# E45 M3 CSL Refurb



## youdsym3 (Aug 4, 2009)

Hi all,

Recently had my M3 CSL alloys refurbished. Happy with the powder coating finish although there is evidence of orange peel but overall the finish is good.

before fitting new centre badges and new Pilot Super sport tyres























































Alloys with new tyres and centre caps. Also sealed initially with PB Wheel sealant then a coat of FKP1000:





































May in the near future see if I can remove some of the orange peel using wet and dry sandpaper and polishing. The only reservation i have is due to the amount of spokes, it will not only be a pain in the backside to get in all the nookes and crannies but will also take a long time to rectify.


----------



## youdsym3 (Aug 4, 2009)

E45 M3? like to know what one of those look like. I ment E46!


----------



## -Simon- (Oct 29, 2010)

Look good, but be very careful about wet sanding..The powder coated finish is almost plasticised, and nothing like normal body paint...not sure how it would react to this treatment, or how it would polish back....be interested in opinions though...


----------



## Zetec-al (Feb 28, 2011)

Lets see them on the car! love them wheels.


----------



## youdsym3 (Aug 4, 2009)

pics of the alloys on the car as requsted:
































































whilst i am uploading pics i thought id share the following pics below showing a rust sport on the rear drivers arch. had the car for just over three years now and the rust bubble was present when i bought the car. It hasnt got any worse in the time of my ownership. what u reckon i should do, leave it as it is and keep an eye on it or get it sorted. Dont really want to respray the car as all of the paint is from factory. any suggestions would be appreciated.










close up of rust bubble in question:










also any suggestions as to how this rust bubble may have occured? I am thinking it may be from a possible stone chip.


----------



## rf860 (Jul 24, 2011)

Car and wheels are lovely! I've just put these but reps on my one series coupe, but yours are much nicer. 

For the rust, i think the best option would be to respray that making sure the rust is properly treated. You'd need to paint the rear quarter and blend into the door, i guess around £450 for that sort of job.


----------



## bildo (Mar 29, 2008)

Got an M3 myself, and constantly argued with myself over whether I should get CSL's or not. I love the shine that comes from the factory wheels when they're really clean and think I'd miss it.

As for the rust spot, you'll still be able to get it done free by BMW under the paint warranty mate.


----------



## rf860 (Jul 24, 2011)

bildo said:


> Got an M3 myself, and constantly argued with myself over whether I should get CSL's or not.
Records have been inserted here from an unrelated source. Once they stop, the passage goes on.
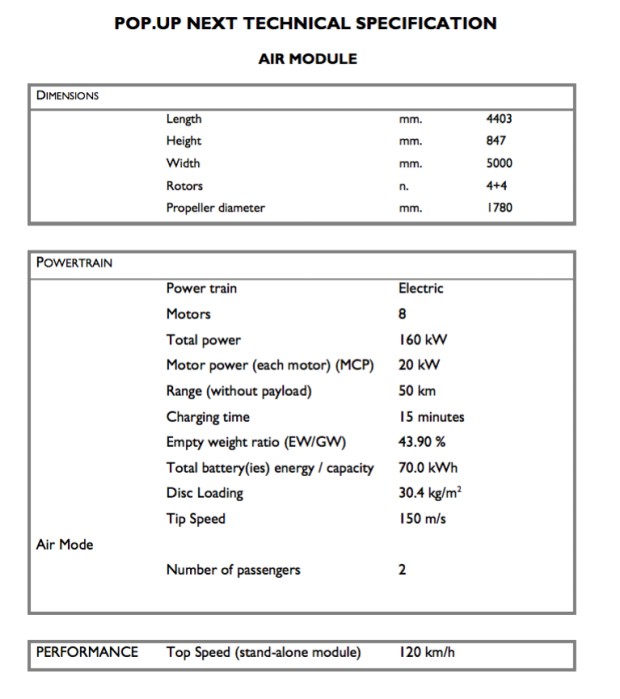 Pop.Up combines the flexibility of a small two seater ground vehicle with the freedom and speed of a vertical take-off and landing (VTOL) air vehicle, thus bridging the automotive and aerospace domains. The core of the product is therefore the Intermodality and making it modular.
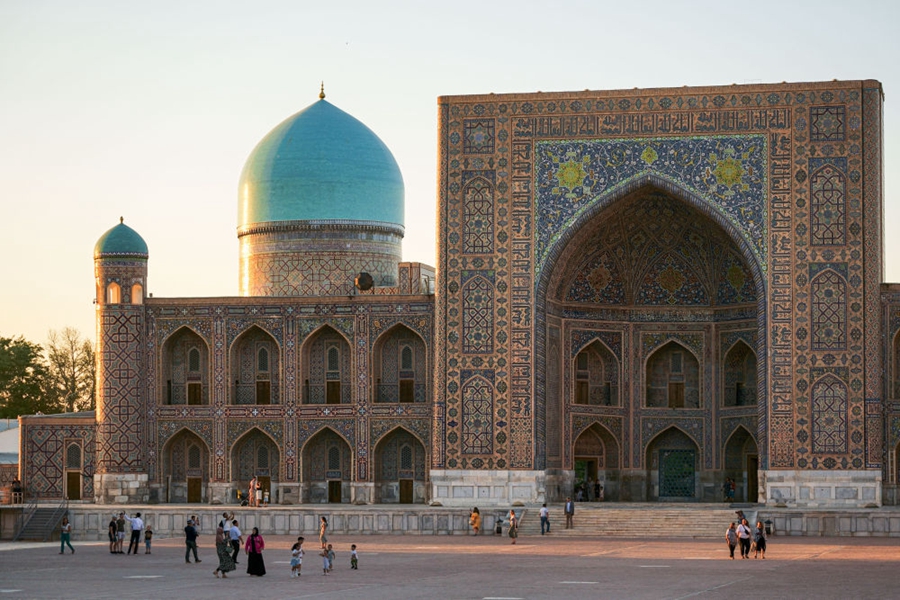 ↑烏茲別克斯坦撒馬爾罕市列吉斯坦廣場。
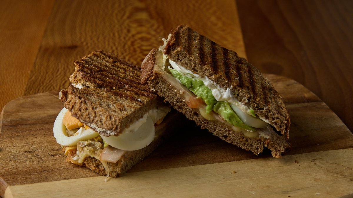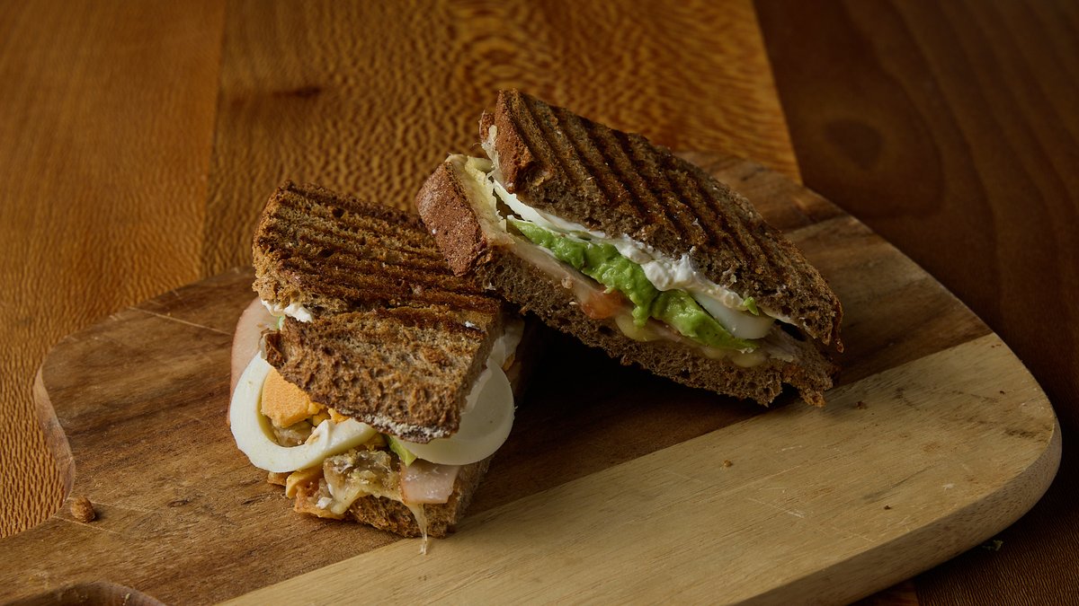 Με gouda, γαλοπούλα, cream cheese, αυγό βραστό και avocado
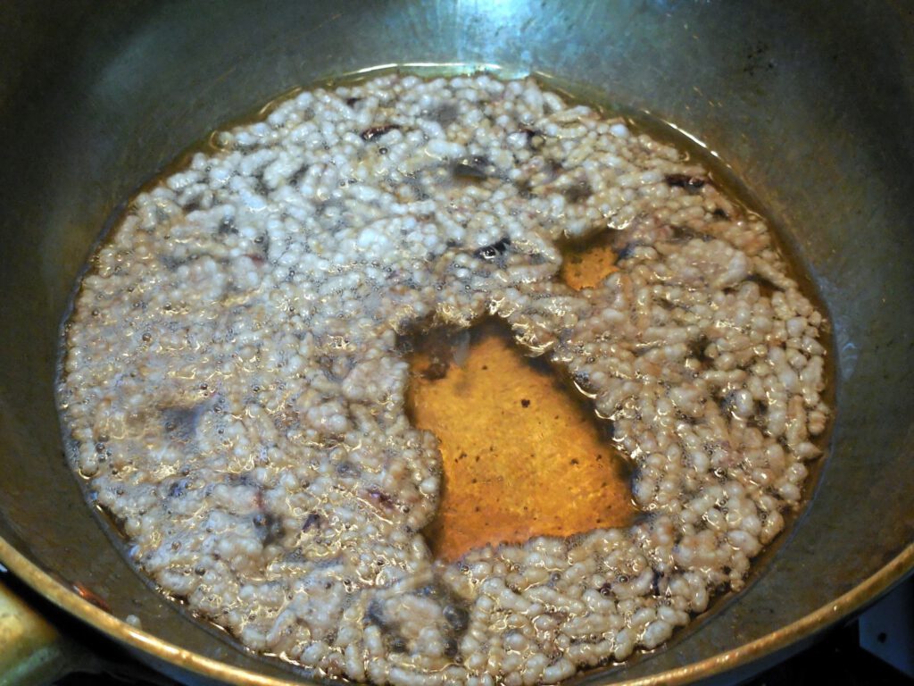 3.นำข้าวแห้ง ไปทอดในน้ำมันที่ร้อนจัด ให้ข้าวพองกรอบ ตักพักไว้ให้สะเด็ดน้ำมัน

I love the shine that comes from the factory wheels when they're really clean and think I'd miss it.
> 
> As for the rust spot, you'll still be able to get it done free by BMW under the paint warranty mate.
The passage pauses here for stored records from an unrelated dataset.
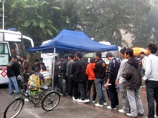 10月25日,电气系在旧篮球场举行了大型无偿献血活动。虽然天公不作美,活动开始就下起了绵绵细雨,但这并没有减弱同学们的热情,各个献血点都排起了长长的队伍。活动期间,系团总支组织各部门干事及青年志愿者积极维持秩序,为献血者提供服务。此次献血活动,不仅及时缓解了德阳市中心血站血源紧张的局面,也充分表达了同学们积极参与社会公益事业的热情,更为促进我院文明建设工作和构建和谐社会做出了贡献。
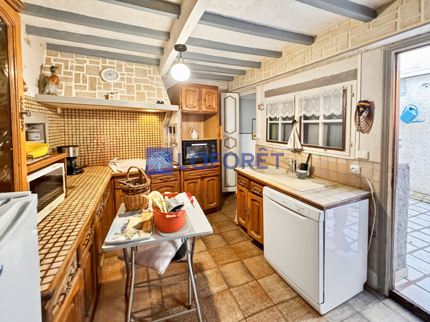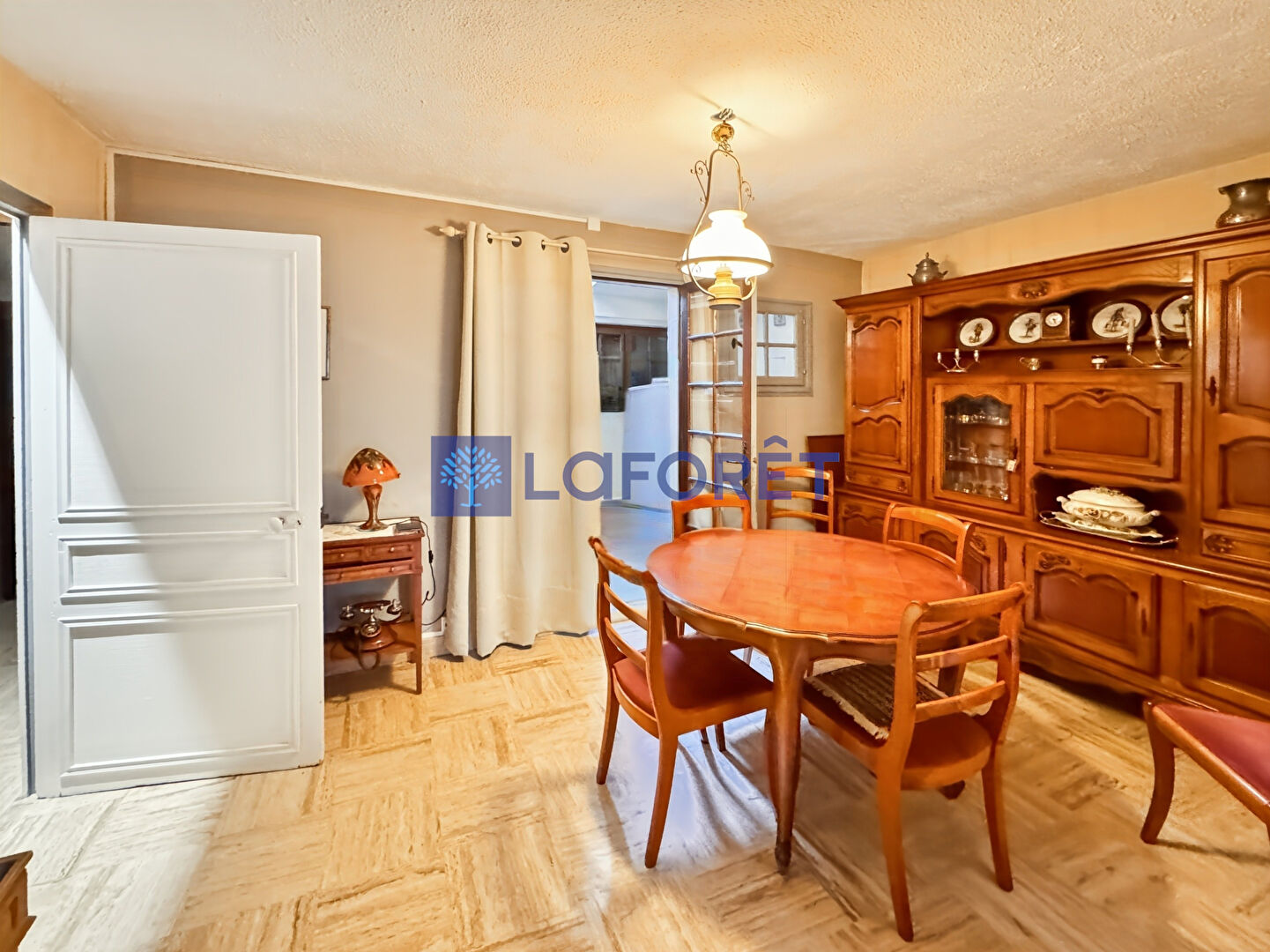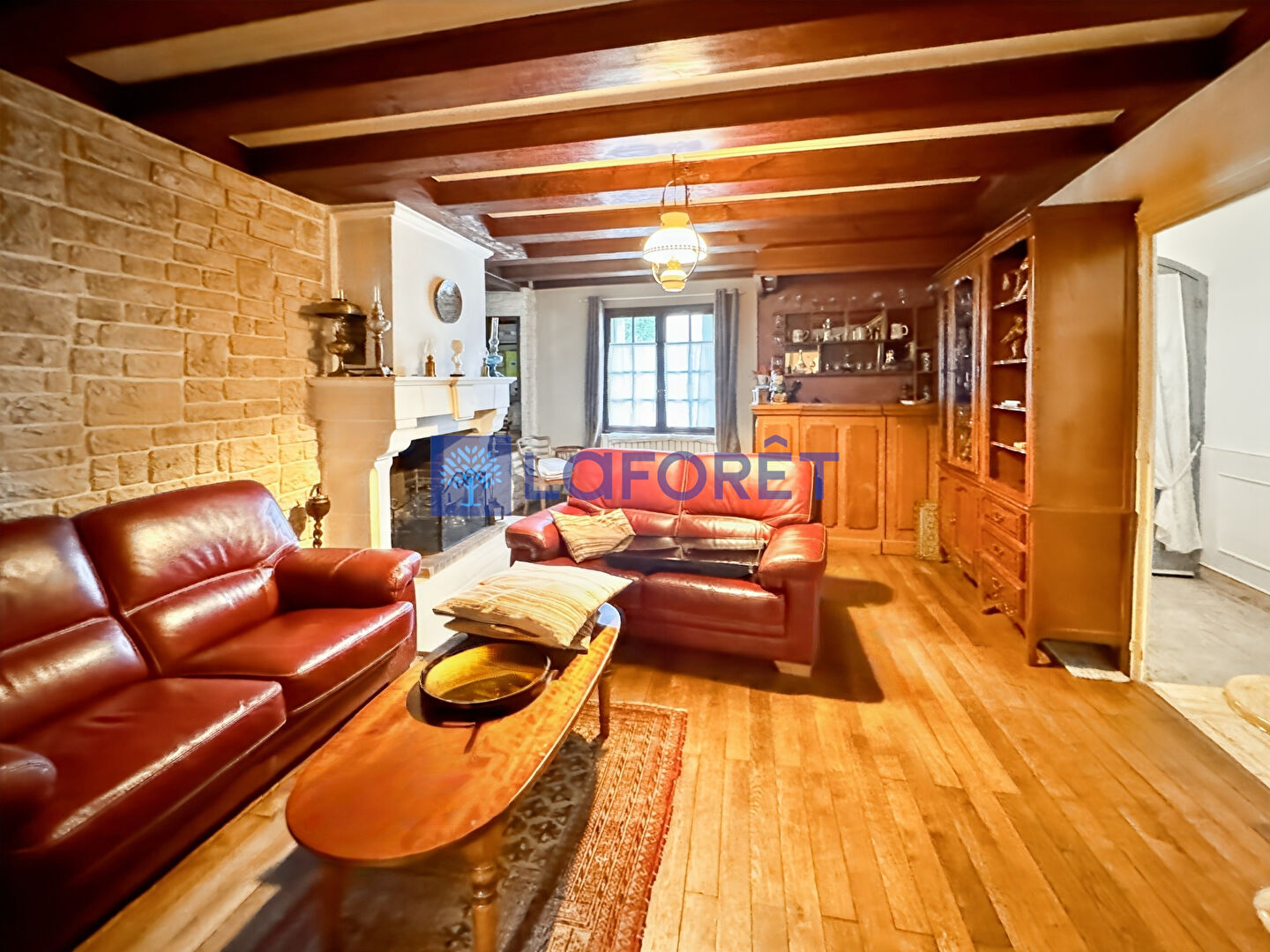 Surface habitable de 94 m² composée d'un salon chaleureux avec cheminée, une salle à manger, une cuisine indépendante un wc.
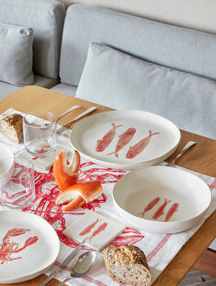 Plato grande con peces, fabricado en cerámica de alta calidad, una pieza perfecta para quienes desean agregar unâ toque náutico y eleganteâ a su vajilla. mide 29 cms de diámetro x 3 cms de alto.

How long is the paint warranty on BMWs? My parents had the 19 inch chrome m3 alloys on there e46 m3 and i thought they were nice too tbh.


----------



## youdsym3 (Aug 4, 2009)

didnt think of that one. BMW offer a 10 year warranty from rust dont they? If it is going to get worse then i will get it repainted but since ive owned the car(3 years) it hasnt got any worse. Is this likely to stay as it is or get progresively worse as the car gets older. Im sure once the car has been repainted and blended into the door you wont be able to tell but im against having new paint but if its required then ill have to bite the bullet i guess.


----------



## youdsym3 (Aug 4, 2009)

just "googled" BMW paint warranty and it appears that the warranty is for only 5-6 years from what i read. My car is Nine years old this October so it looks as if this wont be an option. Worth me taking it to a decent dody shop and enquiring as to what the best option would be.


----------



## rf860 (Jul 24, 2011)

youdsym3 said:


> just "googled" BMW paint warranty and it appears that the warranty is for only 5-6 years from what i read. My car is Nine years old this October so it looks as if this wont be an option. Worth me taking it to a decent dody shop and enquiring as to what the best option would be.
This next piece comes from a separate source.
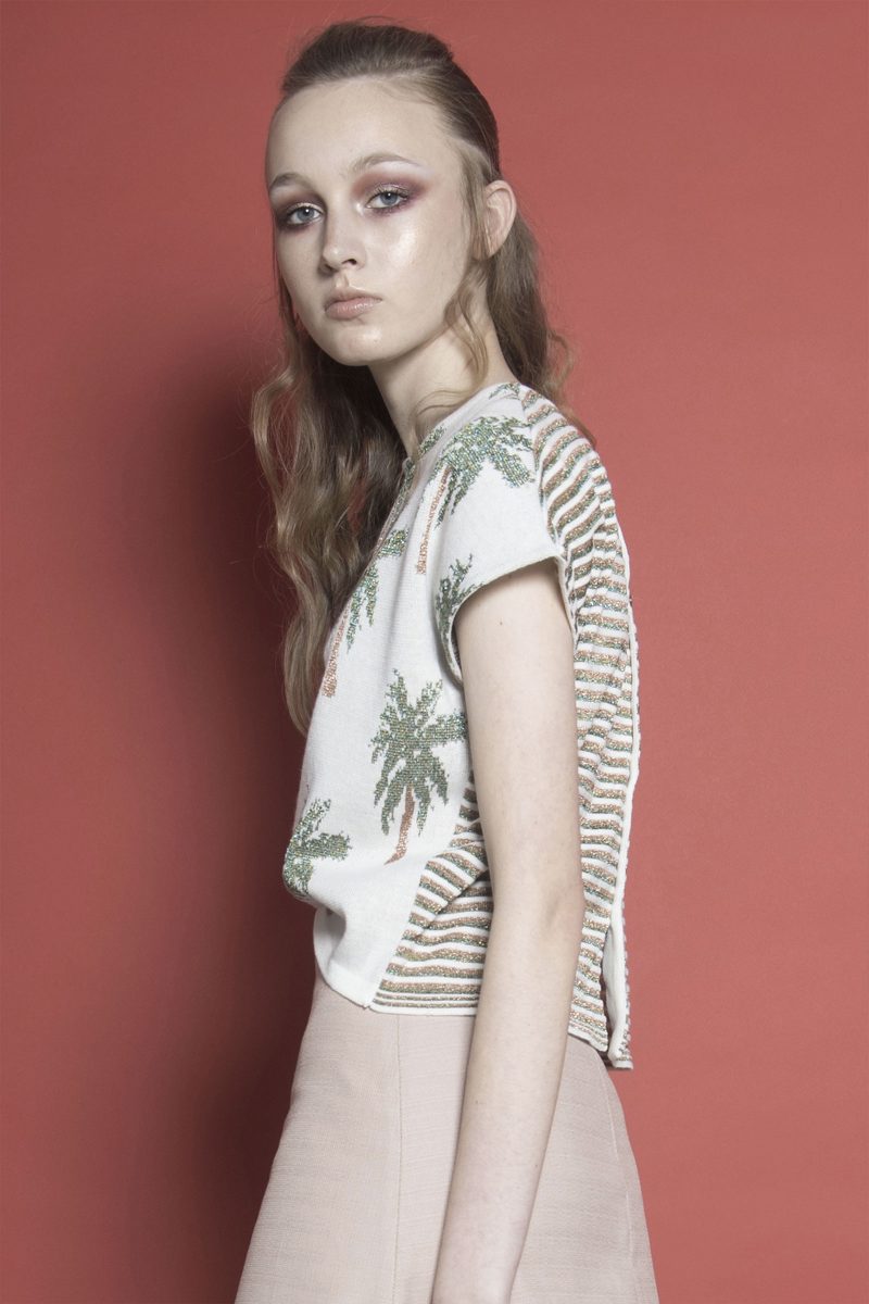 Top ample en maille avec épaules tombantes en jaquard palmier

paint warranty is different from corrosion warranty though. Perhaps the replies above didn't differentiate between them properly.


----------



## matsgarage (May 4, 2011)

You wouldn't get that done under warranty because it's a stonechip


----------



## mjn (May 16, 2011)

Rust warranty is 10 years, on cars made after 1st Jan 2004.

Got a smaller rust bubble done late last year.


----------